The first shuttle landed at 0614 and didn't stop.

Three ships on Monday. Five on Tuesday. By Friday, Haven's Point's three docking bays were cycling on forty-minute rotations, and the queue of incoming vessels stretched past the colony's sensor range. Each ship carried between twelve and sixty people — families with children, solo workers with tool kits, groups of young men and women with the hard eyes and light packs of people who'd left everything behind.

Eight hundred and forty-seven new colonists in seven days.

Webb stood in the operations center and watched the territorial overlay recalculate in real time. Population counters climbing. Housing indicators shifting from green to amber to red. Life support capacity approaching thresholds that Kowalski's maintenance schedules hadn't anticipated because nobody had anticipated that a Terminus mining colony would become a destination.

[TERRITORY UPDATE: HAVEN'S POINT]

[POPULATION: 2,104 → 2,951 (+847 IN 7 DAYS)]

[WARNING: HOUSING CAPACITY EXCEEDED — 312 COLONISTS WITHOUT PERMANENT SHELTER]

[WARNING: LIFE SUPPORT CAPACITY AT 89% — CRITICAL THRESHOLD AT 95%]

[WARNING: FOOD RESERVES DEPLETED TO 4-WEEK SUPPLY]

[INFRASTRUCTURE STATUS: CRITICAL]

Vasquez stood beside him. She hadn't slept in thirty-six hours. The dark circles that had become permanent features during the siege had deepened into something clinical.

"We can't sustain this." Her voice was flat with exhaustion. "Housing's at capacity. Life support wasn't designed for three thousand people. Food rationing starts Monday if the Trade Hub doesn't bring a supply shipment."

"Why are they coming?"

"Why?" She turned to him with the expression of someone confronting an obvious answer. "Because word spreads. A mining colony in the Terminus that fought off an eight-ship fleet, that has shield generators and guard posts and a security chief who drops pirates at six hundred meters. In a region where the best most colonies can hope for is being robbed politely, you're offering safety. People will cross a galaxy for safety."

She was right. The refugees weren't random — they were calculated decisions by people who'd analyzed their options and concluded that a colony known for fighting back was better than a colony known for giving up.
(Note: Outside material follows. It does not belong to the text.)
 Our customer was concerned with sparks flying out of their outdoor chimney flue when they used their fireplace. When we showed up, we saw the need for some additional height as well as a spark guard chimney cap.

Rational actors seeking rational outcomes in an irrational corner of the galaxy.

"In the games, colonies were background — population counters and resource numbers on a galaxy map. Here, every number is a person who needs food, shelter, air, and a reason to believe tomorrow is worth getting up for. Eight hundred and forty-seven new reasons in one week."
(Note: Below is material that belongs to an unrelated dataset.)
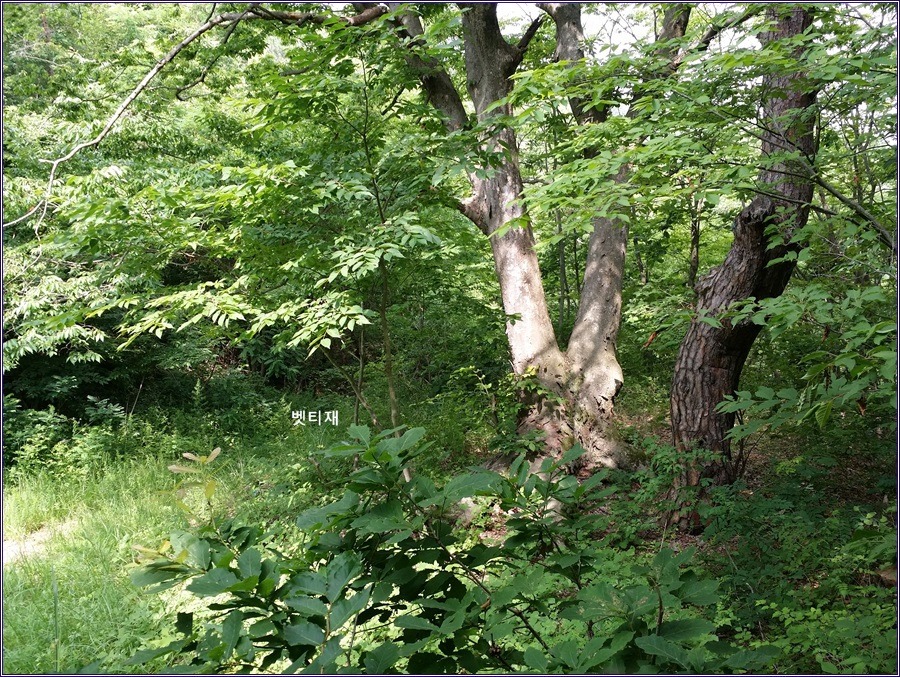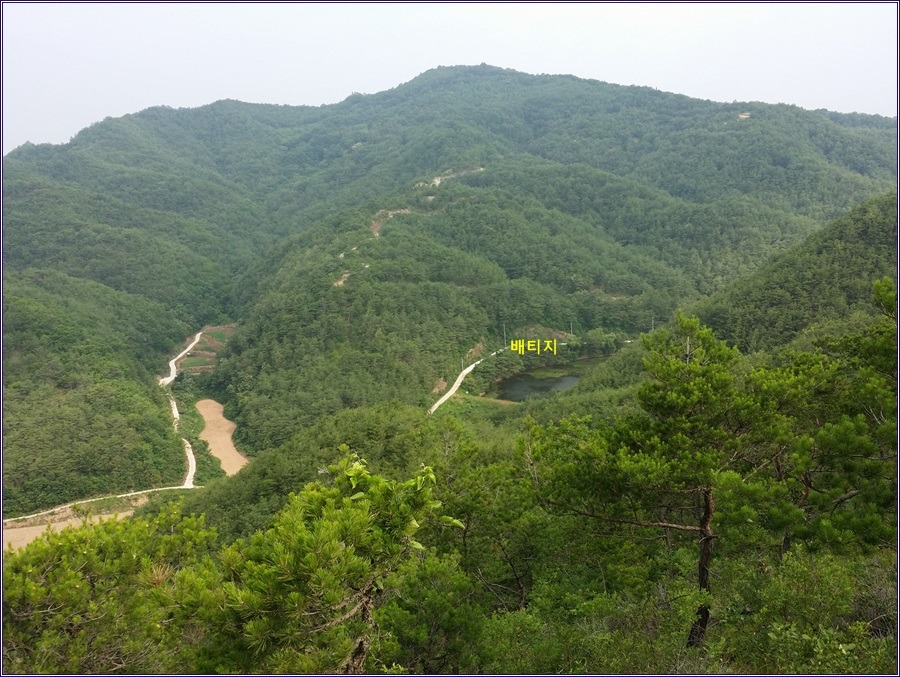 09:32 뱃티재에 도착했습니다 좌우측으로 넓은 임도형식의 길이 연결되며 굵은 느티나무와 소나무가 자리한 뱃티재를 통과하여 가파른 오르막길을 올라 능선정상에 도착후 완만한 길로 전환되어 후방으로 지나온 359.9m봉이 조망되며 흙묘1기가 자리한 묘터봉에 도착하여 숨을 고른후 짧은 오르막길을 올라 흙묘1기가 자리한 무명봉에 도착하여 내림길을 내려가 넓고 완만한 안부를 통과하여 오르막길로 전환되어 긴 시간동안 올라서 좌우측의 길이 갈라지는 등고선상의 380m봉에 도착하여 좌측10시방향의 완만한 내림길을 내려가 별다른 특징없이 진행후 356m봉을 지나 좌우측으로 길이 갈라지는 갈림길에서 좌측의 짧은 오름길을 올라 좌측 아래에 흙묘 여러기가 자리한 넓은 묘터를 지나 커다란 바위지대를 통과후 조망봉에 도착합니다 뱃티재에 도착했습니다 ↓

"Start processing. Priority housing for families with children, then skilled workers, then everyone else. I'll handle the infrastructure."

"With what?" Vasquez's voice cracked at the edge. "We don't have materials for conventional construction. The Trade Hub brings supplies, not building materials. And your..." She gestured vaguely. "Your method requires time and whatever resources you're not telling me about."
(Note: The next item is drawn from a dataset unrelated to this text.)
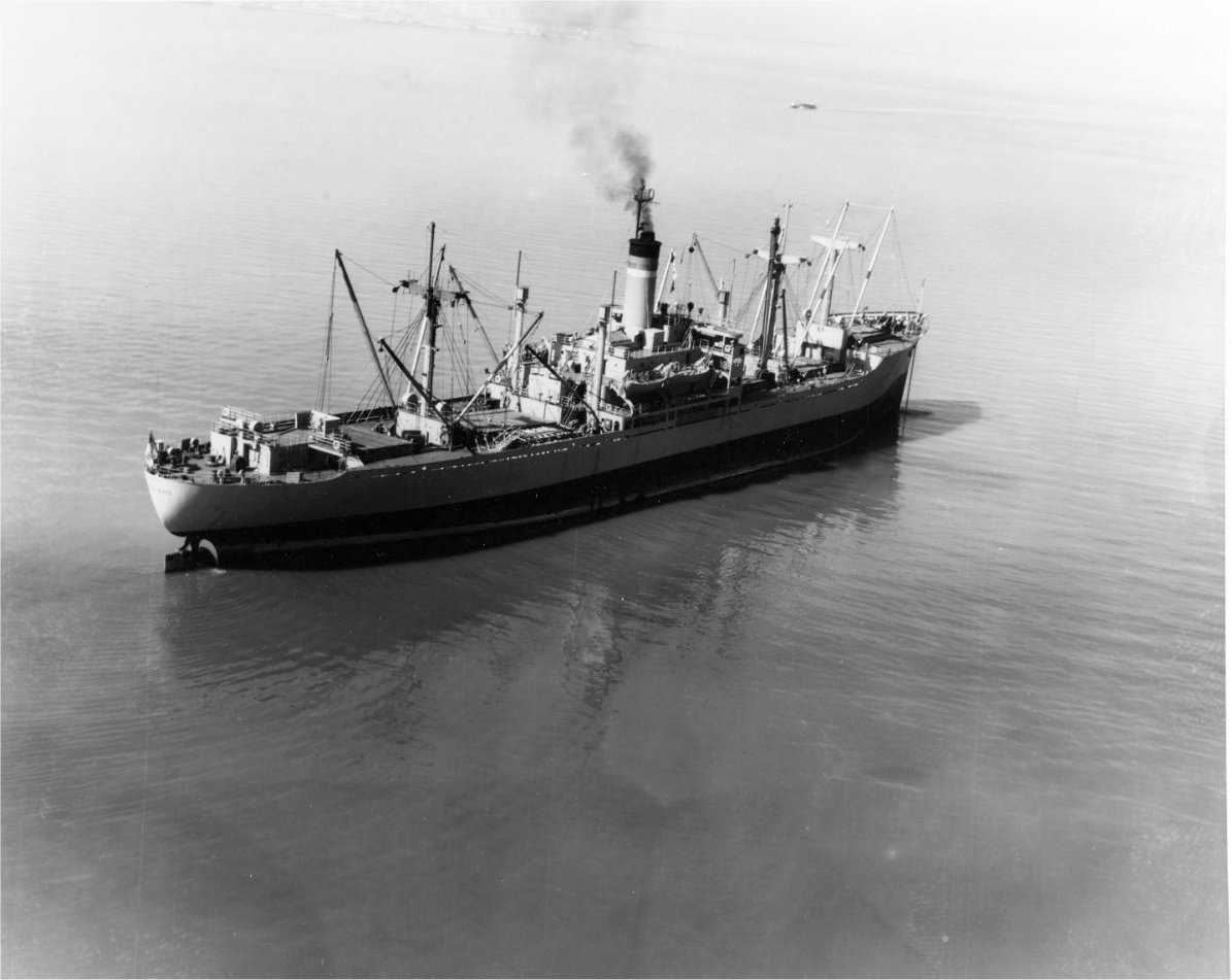 USNS Perseus (T-AF-64) under way, in San Francisco Bay, March 1963.

"I'll handle it. Just keep people from killing each other for three days."

She left without asking how. The trust had deepened past questions into faith, and faith was a currency he couldn't afford to devalue.

---

The Housing Complex went up over two nights.

He built it in sections — modular residential units, each designed for eight occupants, connected by sealed corridors with independent life support feeds. Two hundred MP for the housing structure. One hundred and fifty MP for the expanded Life Support system that Tali had specified, with filtration capacity for four thousand people and room to scale.

[CONSTRUCTION COMPLETE: HOUSING COMPLEX — MODULAR]

[CAPACITY: +400 RESIDENTS]

[MP REMAINING: 3/300]

[CONSTRUCTION COMPLETE: LIFE SUPPORT EXPANSION]

[CAPACITY: 4,000 PERSONS (CURRENT POPULATION: 2,951)]

[MP REMAINING: 3/300]

Three points. The hollowness behind his eyes was a canyon now — a deep, persistent ache that made the edges of his vision blur and his hands shake when he tried to grip anything smaller than a rifle stock. Two major constructions in forty-eight hours, on top of the Research Lab earlier in the week. His neural pathways burned with the System's integration, and the binding — one hundred percent complete for weeks now — offered no relief from the physical cost of channeling fifty-thousand-year-old manufacturing technology through a human nervous system.

Kowalski materialized at the Housing Complex before dawn. He'd taken to arriving early at construction sites, as if catching the structures mid-assembly might finally explain how they appeared.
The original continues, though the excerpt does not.